Monkeytrousers · 18/01/2009 22:20

www.thisismoney.co.uk/news/article.html?in_article_id=453203&in_page_id=2

I know there wil be a chorus of cynical voices echoing Tory grumbles (I have been told by an insider that the Tories are despeeratley praying for disaster in the economy - our economy - their economy - just so they can play the 'I told you so' card) of unfair use of taxpayer money, which completley ignores the payoff at the end if this works. This move will radicalise the banking system, and for the better.

I think this plan is a stroke of genius. I am in awe of GB's balls. I really hope it works and am almost sorry it's taken a global recession to do this, as it needed doing anyway.

OP posts:
CoteDAzur · 19/01/2009 19:08

Have you read what I wrote on this thread? People who designed these products did not "fuck up". Products worked as intended.

The problem was that (1) the system in US was flawed and vulnerable (because of deregulation) and (2) some underlying securities were very risky (sub-prime mortgages)

These very risky sub-prime mortgages were given out because the company who wrote the mortgage didn't care if borrower couldn't pay. He would package all these mortgages and sell them on to another financial institution anyway. Who would then package them further and sell them on to another institution who would then market a variety of instruments based on these packages of mortgages. It is lack of regulation that allowed all this to happen, not evil bankers.

It annoys me slightly when I hear of all "complex financial instruments" being the work of Devil. (Devil, in this case, being all bankers, of course.) Credit derivatives based on US sub-prime mortgages are and were a very small part of "complex financial instruments". Most have nothing to do with mortgages. A lot are futures and options on foreign exchange pairs and commodities, for example.

blueshoes · 19/01/2009 19:20

DaddyJ, can you clarify what financial products you are referring to? I assume you do not mean any products which are sold to the retail customer aka man-in-the-street.

Instead, I assume you refer to the origination and packaging of risky subprime (some call 'toxic') loans into financial products such as notes and instruments which are sold to by-and-large sophisticated investors like other banks, pension funds, insurance companies - big boys who should theoretically be able to assess risk. It is these toxic assets which sit undisclosed on banks' and other financial institutions' books and balance sheets which are causing stasis in the financial world because banks don't want to lend to the next Lehman Brothers. Hence the government (GB, if you will) stepping in to guarantee these toxic loans and shore up confidence in the interbank financial sector.

Those financial products backed by dodgy loans are risky.

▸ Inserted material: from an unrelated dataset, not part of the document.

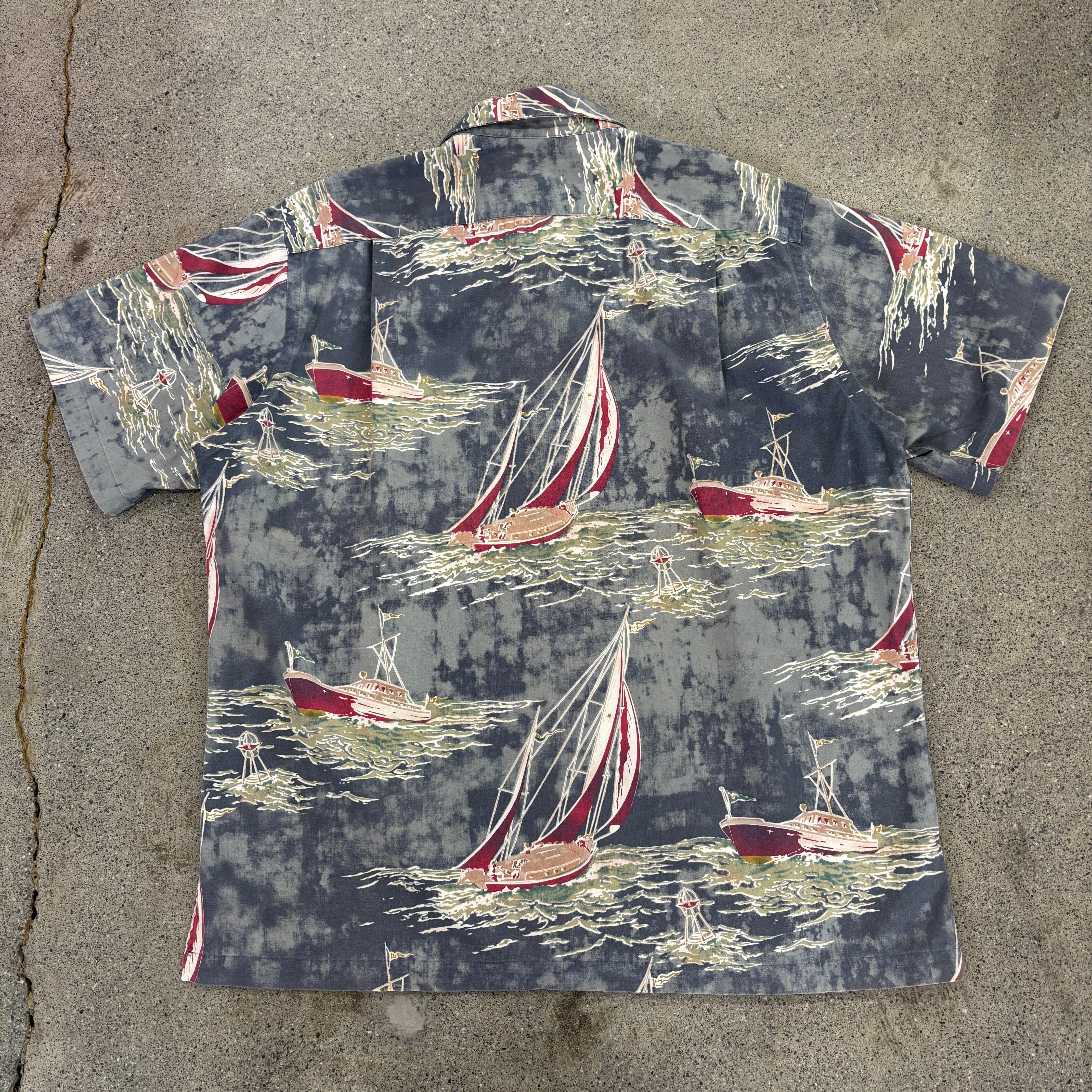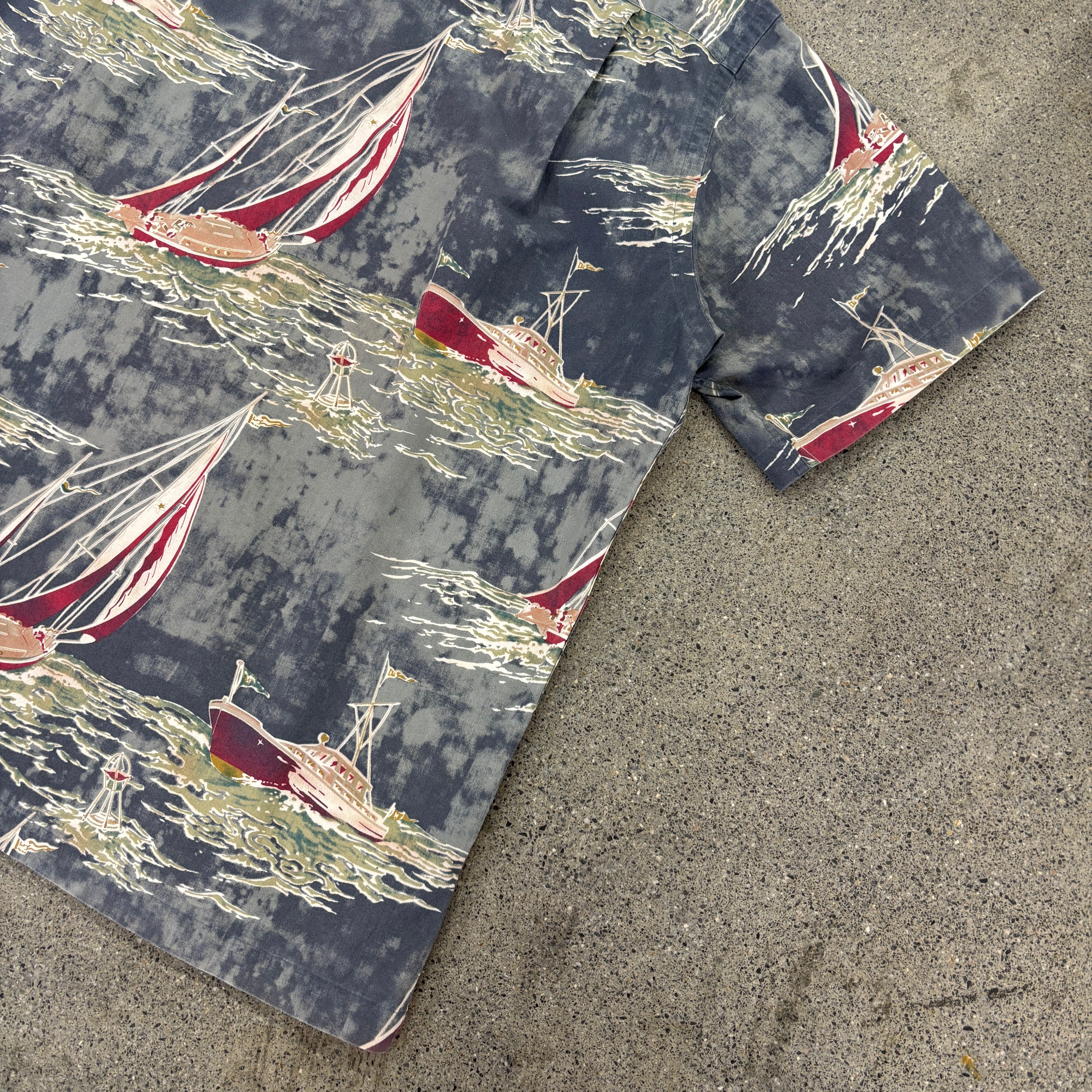こちらは、スモーキーな色味が特徴的でボートやセーリングが入った柄でポニーなしの1枚です。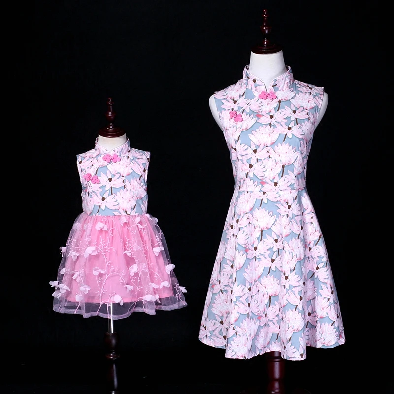 Mother Daughter Dresses Princess Wedding Clothes Pink Family

Risk is not bad per se. It is one thing to sell dodgy loans as good loans. But that is not the case at all. The financial products were clear - each class of notes related to borrowers of a specific risk profile - hence class A (goldplated borrowers like cest and me), class B (daddyJ and OHB), class C (man on sofa in loan consolidation ads) - tongue-in-cheek of course.

Banks knew what they were selling. Investors knew what they were buying. Broadly speaking.

The punt that investors were taking is that the man-in-the-street would not default on the loans. That was largely true when credit was easy and the economy was high-rolling. And if there was default, the risk of a small percentage of borrowers defaulting was already factored into the risk profiles and price of the riskier notes.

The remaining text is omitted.